The old ME articles can still be found on this site if you know where to look, just change the last 4 digits of teh url to get the next issue number and get them while you can.
I agree with Jason – most of the castings are more trouble than they're worth, better to use stock materials (or make your own castings, something I've just started with, for a future project mainly).
With your knowledge and equipment Django, I'm sure it wouldn't take you long to build a Minnie. The following pics are the state of play with mine as of today. I ordered the materials for the boiler almost exactly a year ago, so this is about a year's worth, by no means working on it every day. I bought laser cut spokes and strakes, but made the boiler and gears.
Friends – I have a 1" Minnie I recently bought in the UK. I want to run a steam line to it from one of my 3/4" locomotives. Where could one place a fitting to which one could attach a steam line?
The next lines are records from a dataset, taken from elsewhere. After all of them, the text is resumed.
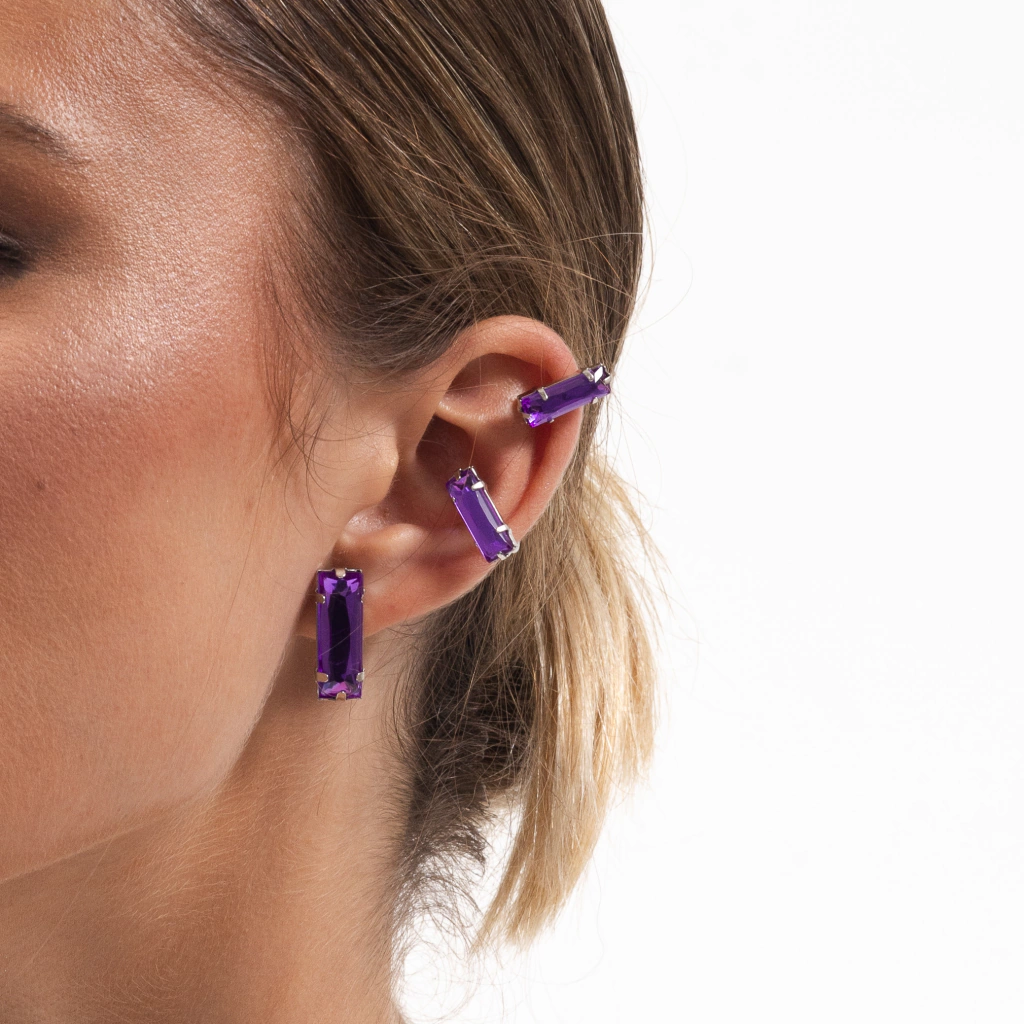 O Brinco Violet possui cravação com pedra lapidada em resina na cor roxa. (2,2 cm de altura / 0,9 cm de largura)
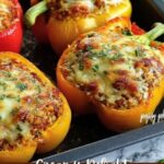 This dish pairs wonderfully with a crisp green salad dressed with lemon vinaigrette or some simply roasted vegetables. Both options keep the meal light and fresh, complementing the hearty, creamy stuffed peppers without overpowering them.
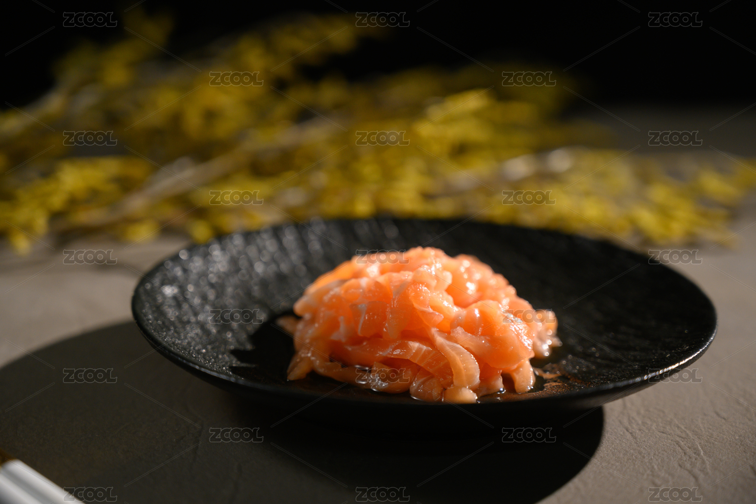 桌面上的盘子里的美味可口的三文鱼碎
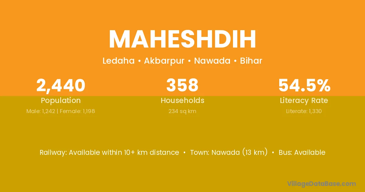 Nawada (13 km) is the nearest town to Maheshdih village for major economic activities and is located approximately 13 km away.
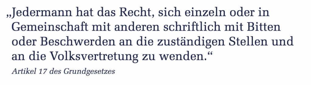 Bürgerpetitionen sind nicht nur ein Instrument der politischen Teilhabe, sondern auch ein fundamentales Recht, das tief in den demokratischen Werten des Grundgesetzes verankert ist. Artikel 17 des Grundgesetzes (GG) garantiert jedem Bürger das Recht, sich einzeln oder gemeinsam mit anderen schriftlich an die zuständigen Stellen und die Volksvertretung zu wenden. Dieser Artikel, der das Petitionsrecht regelt, ist ein Ausdruck der Verfassungstreue und Teil eines demokratischen Systems, das auf Beteiligung, Transparenz und Verantwortung beruht.
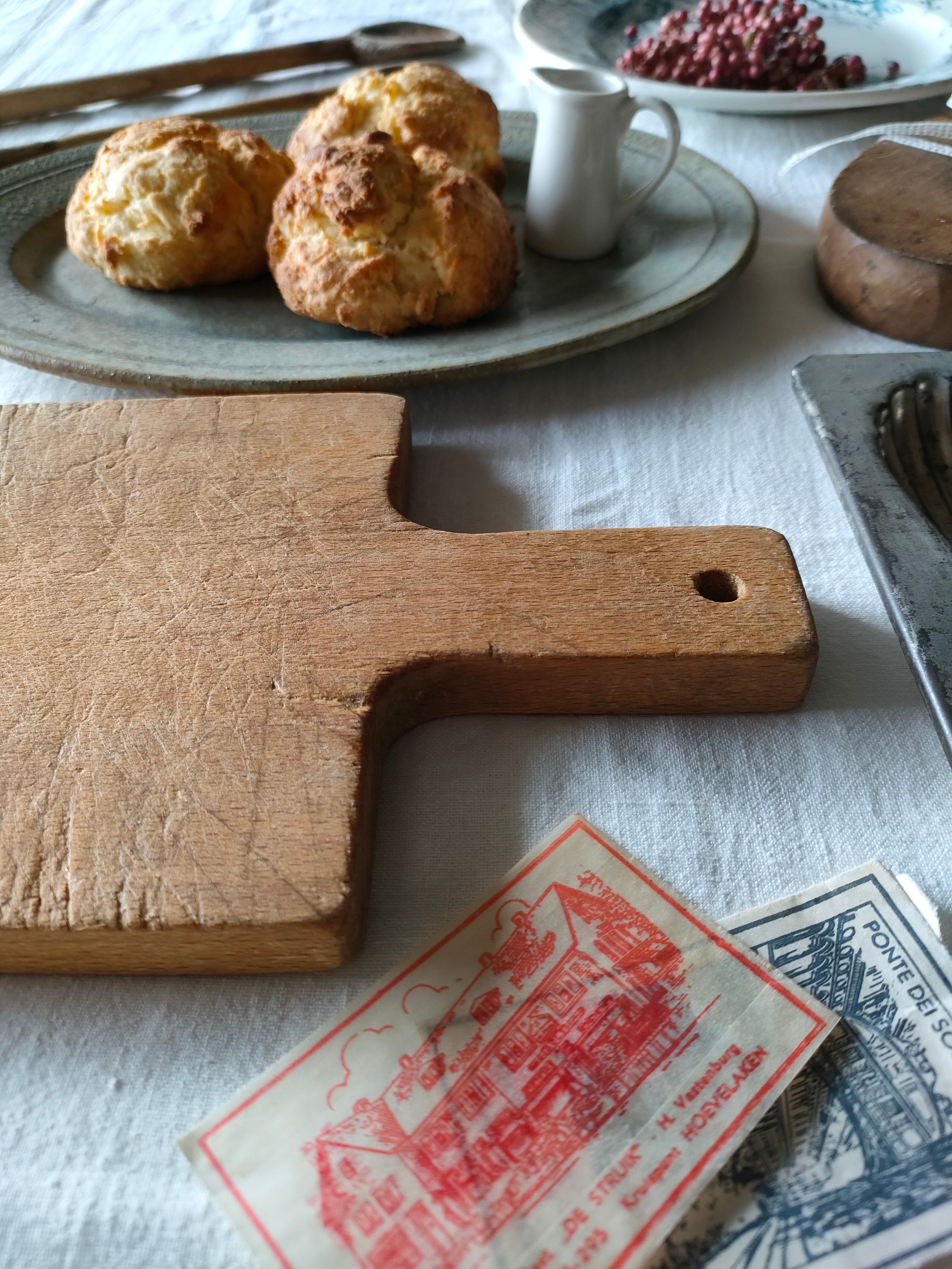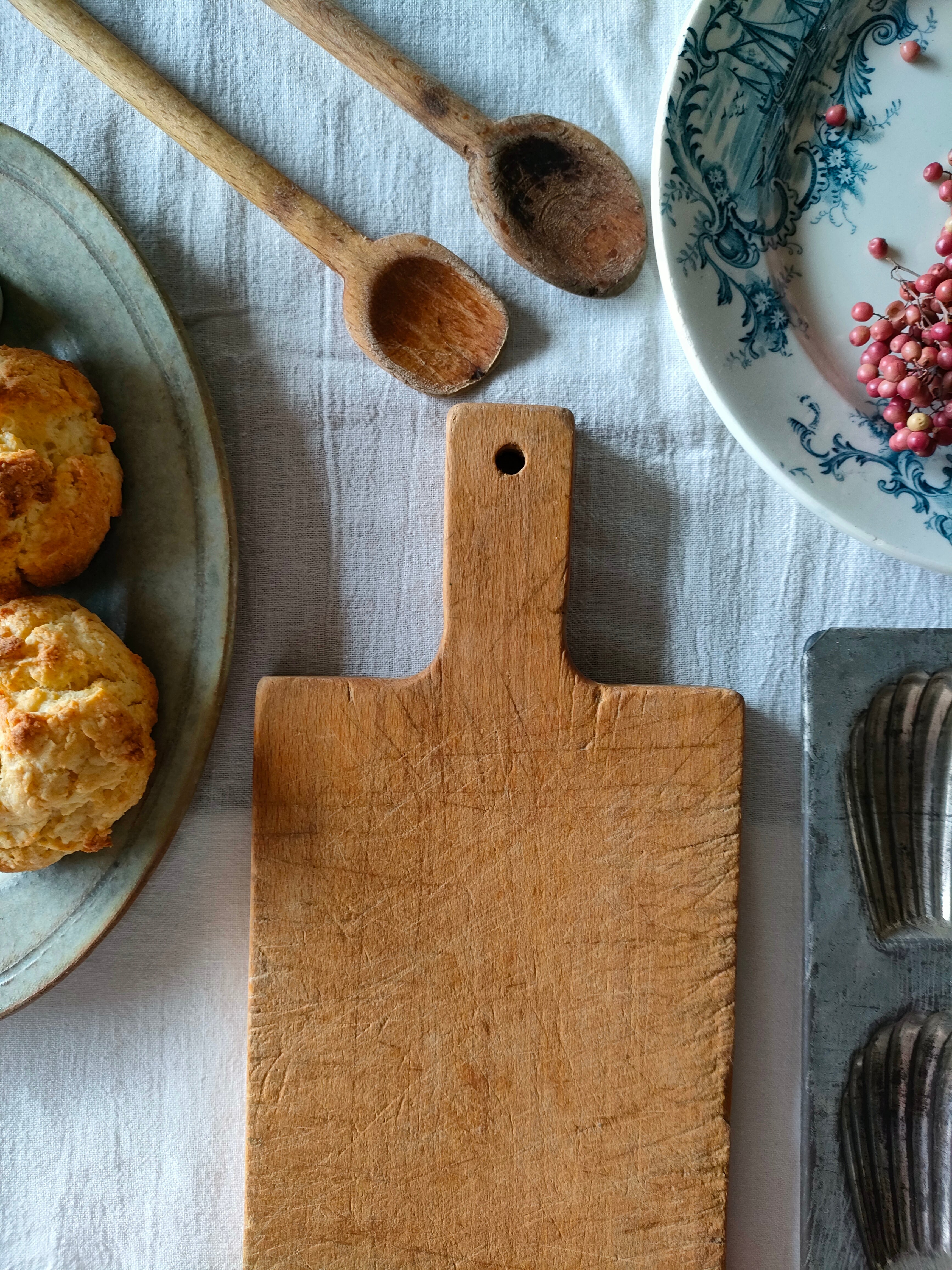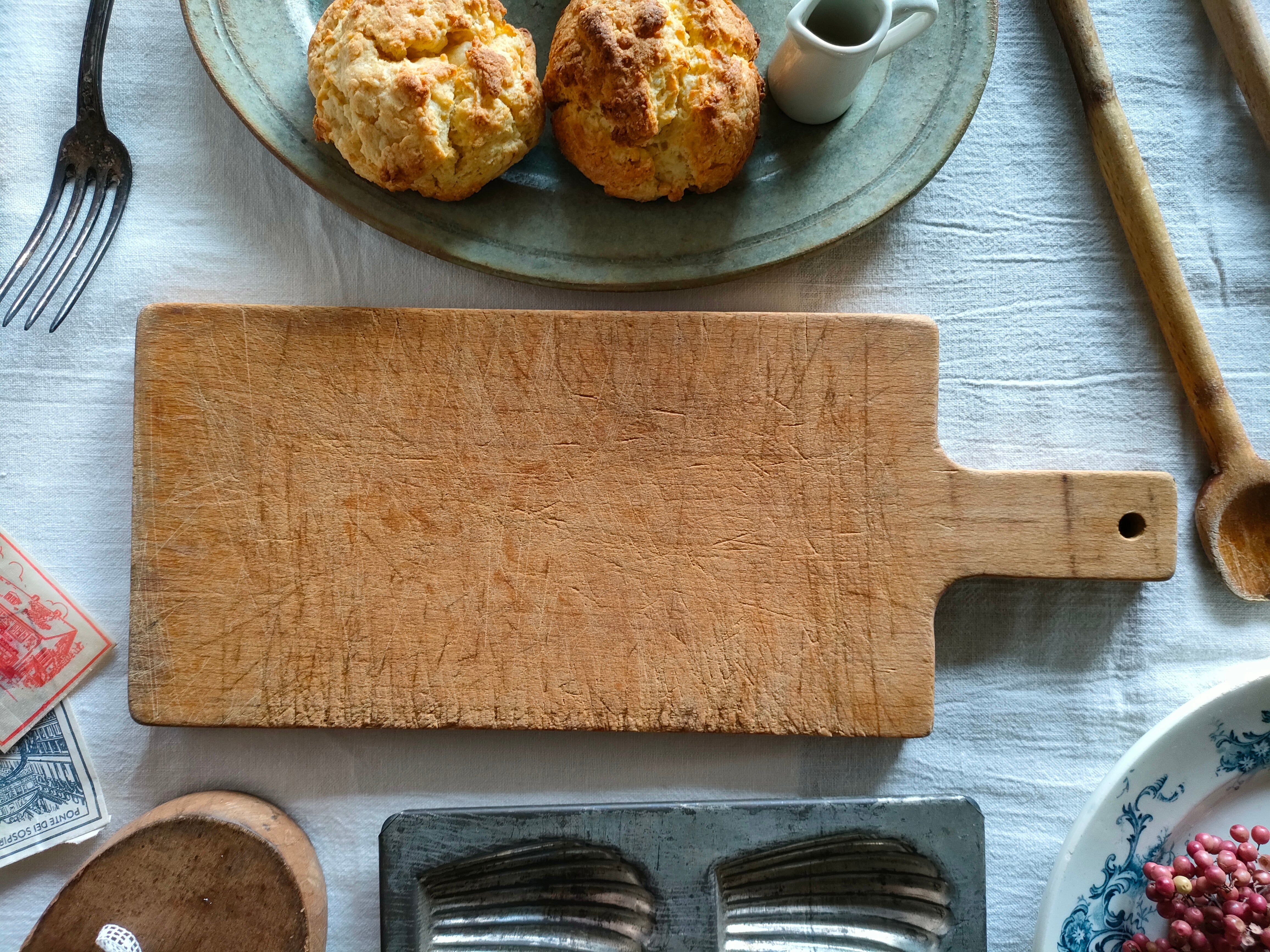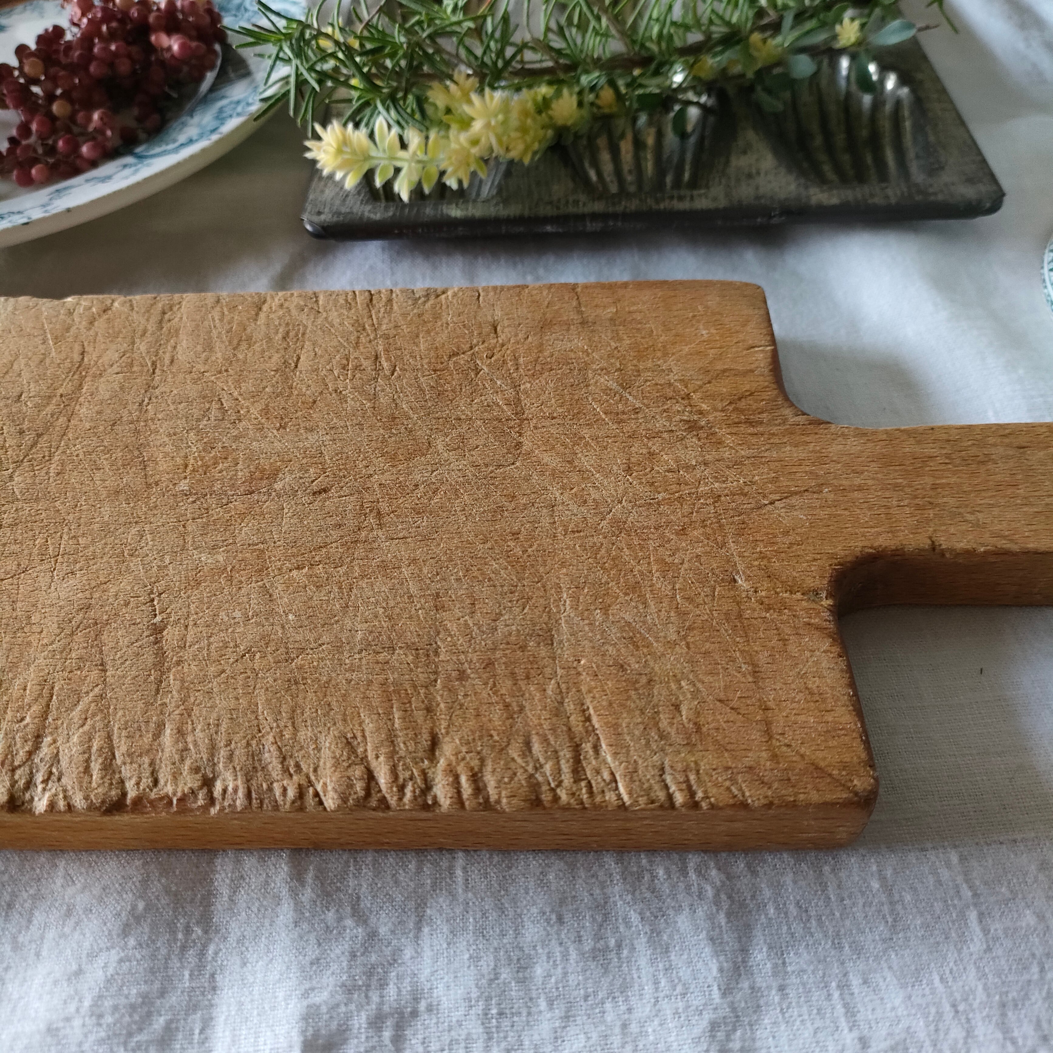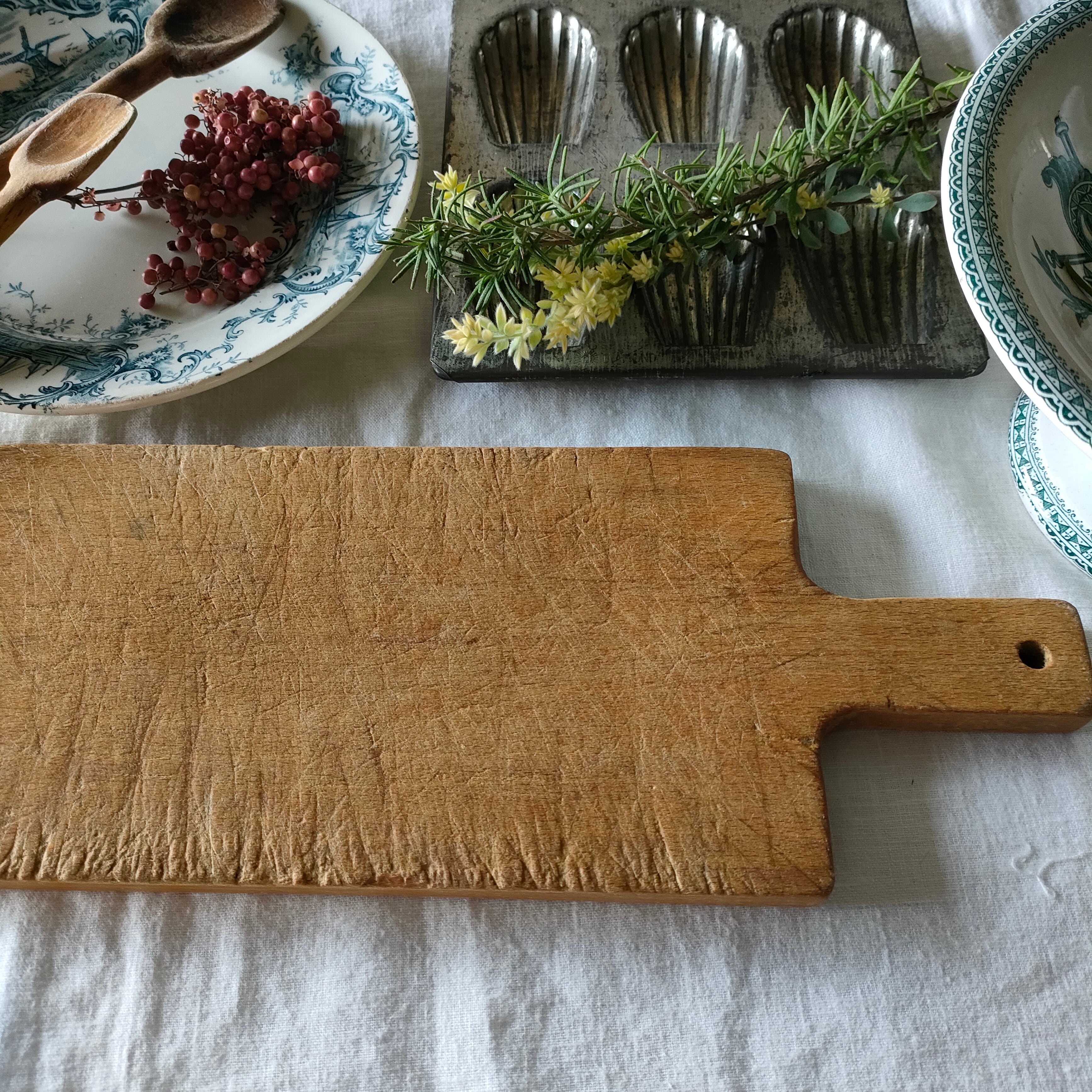 使い込まれた、歴史を感じる美しい空気感からは、とても長く長く愛されていたことを感じますね。手に触れることで、フランスのなんともあたたかい背景を感じられるような…そんなカッティングボードです。

As a US-American, domeless traction engines are new to me. Thanks!
Dear Jason: Of course, many thanks! I did not even know where the plug for filling with water was! That would be an obvious place to connect. Is there a booklet on how to run a Minnie? I have the book on constructing Minnie, but I don’t think it will help. Is this thread the best place to get info on a Minnie, or is there a group of Minnie owners meeting and consoling each other somewhere on-line?
A lot gets hidden by the final drive. With the two connections at pump and bypass being in line you will always have to kick one pipe sideways to miss the other.
Mine run closer together, though if I were doing it now they would be horizontal and parallel to each other forward of the wheel and I would do tighter bends, but I did not know any better at the time.